Shortly before midnight on May 9, Krakauer’s team of fifteen people and the Mountain Madness team of fourteen and four others left the Camp Four to attempt to climb to the peak of Mt. Everest. Krakauer had not eaten or slept well in more than two days (172). On more than one occasion, Krakauer was forced to stop and wait on the slower members of the team in the bitter cold (174). Krakauer was emotionally and physically exhausted at this point. However, he knew he had much further to go before he would reach the top of Everest. Even then, he knew he must have the energy and the ability to make it back to camp.
When they reached above the South Col and entered into the Death Zone, “survival is to no small degree a race against the clock” (Krakauer 181). Time was of the essence. When they reached above 27,400 feet there were no ropes fixed and Krakauer was forced again to wait for the rest of the team to arrive. Again, he was forced to wait. He used his energy that would have been better used in climbing the mountain, waiting on the rest of his team member to catch up.
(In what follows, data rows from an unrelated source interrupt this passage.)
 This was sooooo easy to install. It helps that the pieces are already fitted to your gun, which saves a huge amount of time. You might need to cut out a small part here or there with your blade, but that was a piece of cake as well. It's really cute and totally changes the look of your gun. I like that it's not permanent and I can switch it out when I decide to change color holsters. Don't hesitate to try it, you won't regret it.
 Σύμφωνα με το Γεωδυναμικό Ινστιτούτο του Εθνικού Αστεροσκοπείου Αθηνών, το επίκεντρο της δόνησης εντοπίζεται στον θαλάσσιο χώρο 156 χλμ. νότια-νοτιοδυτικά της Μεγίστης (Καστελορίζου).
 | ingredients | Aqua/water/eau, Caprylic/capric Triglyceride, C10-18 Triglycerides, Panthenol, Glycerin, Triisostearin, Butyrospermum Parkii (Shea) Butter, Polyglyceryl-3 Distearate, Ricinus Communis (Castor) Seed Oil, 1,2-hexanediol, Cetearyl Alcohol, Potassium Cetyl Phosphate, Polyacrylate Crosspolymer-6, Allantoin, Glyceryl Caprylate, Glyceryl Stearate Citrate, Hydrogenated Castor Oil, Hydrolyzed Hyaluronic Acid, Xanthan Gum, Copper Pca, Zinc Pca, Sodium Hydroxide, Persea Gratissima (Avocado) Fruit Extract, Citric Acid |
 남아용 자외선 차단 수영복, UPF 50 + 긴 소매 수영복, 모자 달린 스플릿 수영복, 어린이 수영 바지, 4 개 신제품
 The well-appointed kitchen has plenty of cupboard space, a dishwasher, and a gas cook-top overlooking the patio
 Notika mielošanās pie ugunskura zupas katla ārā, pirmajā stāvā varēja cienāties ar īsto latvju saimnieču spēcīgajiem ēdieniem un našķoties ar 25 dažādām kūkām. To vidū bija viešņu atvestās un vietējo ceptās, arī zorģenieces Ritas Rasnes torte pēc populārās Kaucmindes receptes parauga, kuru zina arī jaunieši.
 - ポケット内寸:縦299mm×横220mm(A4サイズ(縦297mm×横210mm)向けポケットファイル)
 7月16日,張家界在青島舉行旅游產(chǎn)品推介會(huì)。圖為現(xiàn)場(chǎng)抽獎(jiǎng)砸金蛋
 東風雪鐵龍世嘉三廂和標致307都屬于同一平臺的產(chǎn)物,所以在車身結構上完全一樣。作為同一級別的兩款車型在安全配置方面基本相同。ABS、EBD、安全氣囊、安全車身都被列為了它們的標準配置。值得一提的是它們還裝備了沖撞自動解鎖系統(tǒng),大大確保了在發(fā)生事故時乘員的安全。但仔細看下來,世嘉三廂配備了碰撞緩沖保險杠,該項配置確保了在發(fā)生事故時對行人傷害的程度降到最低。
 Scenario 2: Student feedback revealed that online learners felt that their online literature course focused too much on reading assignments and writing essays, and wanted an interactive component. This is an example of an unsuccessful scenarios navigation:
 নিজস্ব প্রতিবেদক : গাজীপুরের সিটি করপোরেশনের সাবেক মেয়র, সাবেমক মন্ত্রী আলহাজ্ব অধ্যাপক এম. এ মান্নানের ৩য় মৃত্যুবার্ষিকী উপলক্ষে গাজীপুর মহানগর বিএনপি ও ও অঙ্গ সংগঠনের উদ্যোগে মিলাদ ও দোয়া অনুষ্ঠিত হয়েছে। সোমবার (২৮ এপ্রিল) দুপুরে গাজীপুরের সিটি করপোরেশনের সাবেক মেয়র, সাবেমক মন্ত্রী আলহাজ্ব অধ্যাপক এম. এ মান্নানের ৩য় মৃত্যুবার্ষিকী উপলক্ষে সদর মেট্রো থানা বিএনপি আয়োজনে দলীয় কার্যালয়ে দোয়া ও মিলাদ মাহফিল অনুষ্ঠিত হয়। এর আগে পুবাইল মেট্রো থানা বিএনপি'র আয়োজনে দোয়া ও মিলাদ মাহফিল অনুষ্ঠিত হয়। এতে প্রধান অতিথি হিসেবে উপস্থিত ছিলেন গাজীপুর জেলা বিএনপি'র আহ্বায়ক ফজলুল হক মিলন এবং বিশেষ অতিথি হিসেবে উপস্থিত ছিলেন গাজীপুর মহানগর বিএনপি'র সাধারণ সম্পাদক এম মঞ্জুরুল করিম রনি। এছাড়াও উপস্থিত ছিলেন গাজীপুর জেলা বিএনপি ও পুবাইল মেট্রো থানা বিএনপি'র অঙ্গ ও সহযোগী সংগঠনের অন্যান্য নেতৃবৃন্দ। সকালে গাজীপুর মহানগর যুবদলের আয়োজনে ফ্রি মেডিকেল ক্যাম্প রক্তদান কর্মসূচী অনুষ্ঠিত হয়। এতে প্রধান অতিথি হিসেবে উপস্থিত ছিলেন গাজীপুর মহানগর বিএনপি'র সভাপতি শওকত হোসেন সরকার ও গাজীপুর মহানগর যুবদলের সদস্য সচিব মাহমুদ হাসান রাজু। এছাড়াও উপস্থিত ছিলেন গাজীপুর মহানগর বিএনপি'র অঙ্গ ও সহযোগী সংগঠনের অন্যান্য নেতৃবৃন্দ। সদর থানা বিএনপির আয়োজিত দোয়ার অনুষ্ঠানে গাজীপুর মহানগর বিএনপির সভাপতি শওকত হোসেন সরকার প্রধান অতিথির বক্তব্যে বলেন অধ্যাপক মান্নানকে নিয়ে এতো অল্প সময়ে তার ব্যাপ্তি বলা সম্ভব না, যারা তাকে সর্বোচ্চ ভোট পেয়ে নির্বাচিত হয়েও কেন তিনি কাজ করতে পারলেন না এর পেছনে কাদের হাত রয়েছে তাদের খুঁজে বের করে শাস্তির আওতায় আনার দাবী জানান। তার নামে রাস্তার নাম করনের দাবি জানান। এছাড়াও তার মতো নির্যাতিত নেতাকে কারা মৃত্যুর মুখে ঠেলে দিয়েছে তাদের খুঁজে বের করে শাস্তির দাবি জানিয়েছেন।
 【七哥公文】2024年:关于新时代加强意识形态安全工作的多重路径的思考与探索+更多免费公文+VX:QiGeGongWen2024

Battling against time and a quickly diminishing oxygen supply, Krakauer was one of the lucky few to reach the top of Mt. Everest and come back down alive. In all, twenty-nine people lost their lives that day attempting to climb to the top of the world. Was it worth it? To some who were able to overcome the pain and suffering of this expedition, perhaps it was. But to others, that lost their lives, lost body parts and were simply lost and never found, surely it wasn’t worth the sacrifice.
Work Cited
Krakauer, Jon. Into Thin Air. Anchor: New York, 1997.